Welcome Home: Loraine Family Tells Their Story of Special Needs Adoption
When it comes to adoption, different families adopt in many different ways. Some adopt from a certain country, through foster care or through private adoption, while other families adopt infants, teenagers, or sibling groups. Our family, however, adopts children with special needs.
Our faith, along with my degree in special education, led us on this amazing journey. My husband Larry and I have two boys, who were 10 and 7 when we started to seriously consider adding to our family. They were both accustomed to people with disabilities of all sorts, and they were very excited to get a new sibling regardless of their physical or intellectual abilities.
Finding Our Oksana
While doing some research on special needs adoption, we came across the website of a ministry called Reece’s Rainbow. Reece's Rainbow was started to promote the international adoption of children with Down Syndrome and has expanded to include children with many other disabilities. In many of these countries, children with special needs are viewed as outcasts with no ability to learn or be functional members of society. They languish in mental institutions, hidden away from the world in shame.
As we looked through the photo listing of waiting children, the face of a little girl came up that took our breath away. We learned right away that she was 4 years old and had Cerebral Palsy. After contacting Reece’s Rainbow for more information, we learned that she was in Ukraine and were sent more pictures of her.
While we prayed about committing to adopt this little girl, we did more research and found the blog of a family that had recently returned from adopting their daughter from the same orphanage. They had met this girl so we contacted them to ask more about her. Through this family we learned that her name was Oksana and that the orphanage was beginning to discuss her transfer to a mental institution. They were simply out of room for her. It was then that we knew she was supposed to be ours.
Going the Distance
We began the process to bring Oksana home in January, and traveled to Ukraine in June. During that time Oksana turned 5 and we grew more and more anxious to bring her home. On June 13, we landed in Kiev, Ukraine. Three days later we met our daughter for the first time. She was amazing. We learned that her Cerebral Palsy only affected her legs, and that while she was currently unable to walk, they had no doubt that with therapy she would walk. We only got 15 minutes with her before they took her for a nap and asked us if we wanted to move forward with the adoption. Of course we did!
After that we had the opportunity to meet with her for about two hours daily. It was in that time that we learned the extent of her delays. Physically she was exactly what we had expected, but her cognitive and emotional delays were far beyond what we had expected. At best she was developmentally at the level of a toddler, and she had some disturbing institutional behaviors.
I’d be lying if I didn’t say that we had days where our visits with her caused us to wonder if we were doing the right thing. It certainly didn’t help that we were in a foreign country and missed our boys back home like crazy. Despite our fears, we knew that she was the child that the Lord had chosen for our family. We just kept telling ourselves that when she got home it would be better. After six weeks in Ukraine, we finally landed back on U.S. soil.
Adjusting at Home
Our first couple of months back home were rough. Oksana was mourning the orphanage. While we might think that sounds crazy, it was the only life she knew, and after five years in the same four walls, she was absolutely petrified. This showed itself through long temper tantrums, fears of everything from the bath to the stroller, and biting and scratching herself. She was angry, she was sad, and she was scared. Little by little though, we began to see signs that she was beginning to trust us. Fears started disappearing, temper tantrums started decreasing in frequency and intensity, and more than anything, we started to see something we hadn’t seen before??•joy.

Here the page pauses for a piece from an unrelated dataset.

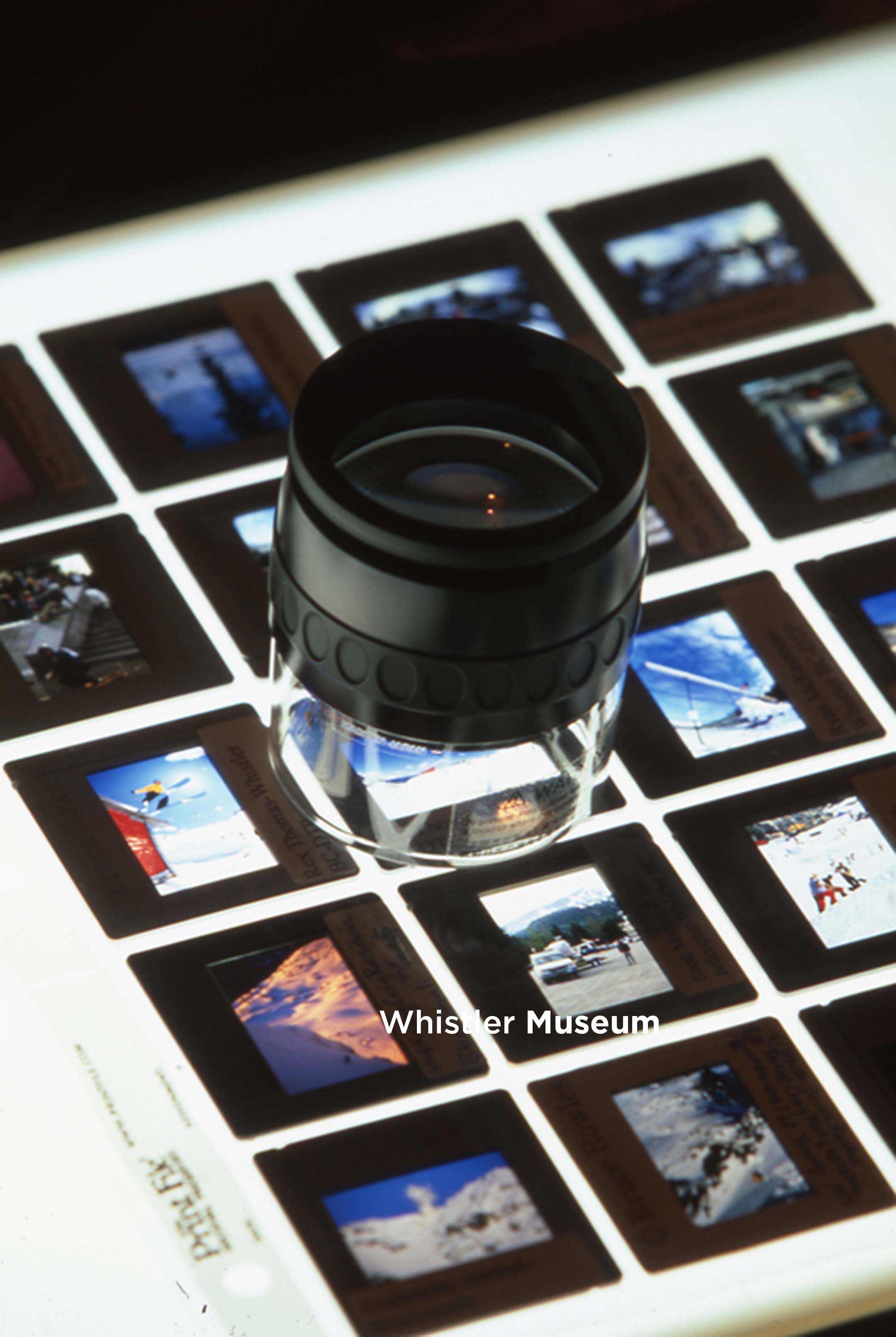 This mindset shaped how I approached the project of organizing the Bruce Rowles Collection. This collection of 35mm slides, documents, posters, and much more was generously donated by the family of Bruce Rowles in batches from 2024 to 2026. Comprising over 70,000 slides, it is now the largest photographic collection in the Museum’s archives. Working with it offered me the chance to get to know Whistler as Bruce saw it, while also viewing glimpses of the life behind the camera.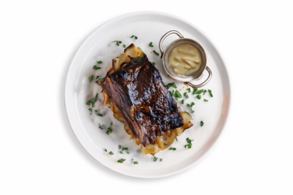 Smoked Beef Ribs paired with a Cheesy Potato Rosti Bake for a hearty and flavorful meal.

While she healed emotionally, Oksana was also making amazing strides physically. In just five months, she went from never walking, to using a walker and then to walking independently! When we met her, she didn’t even know what to do with a crayon. Now, she is learning to write letters. The language barrier is gone now and although she has a speech delay her communication is exploding. She is still significantly delayed in all areas but her progress has been astounding.
Our Happy Family
Oksana has brought such joy to our lives. Our boys adore her, and she needs to know where her big brothers are at all times. They are her best buddies. If you ever meet her she’ll proudly tell you that she has a mommy, daddy and brothers before she declares, “No more orphanage!”
The other day, while we were playing outside, she was at the top of the slide on her swing set when the wind started blowing. She closed her eyes as it blew her hair back, enjoying that simple pleasure. Then she looked at me, smiled, and said, “It’s windy!” and proceeded to fly down the slide. That was one of those moments that made me stop and wonder where she would be right now if she hadn’t joined our family.
She is quite literally a different child now, but while her changes are obvious, it’s the changes in the rest of us that have amazed me the most. Adopting a child with special needs has been such a blessing that we can’t possibly stop with one. We have grown as a family, and we have become stronger as a unit and as individuals. We have learned how to love in a whole new way, and we have had the blessing of seeing our boys adore this former orphan as if she had been a part of our family forever.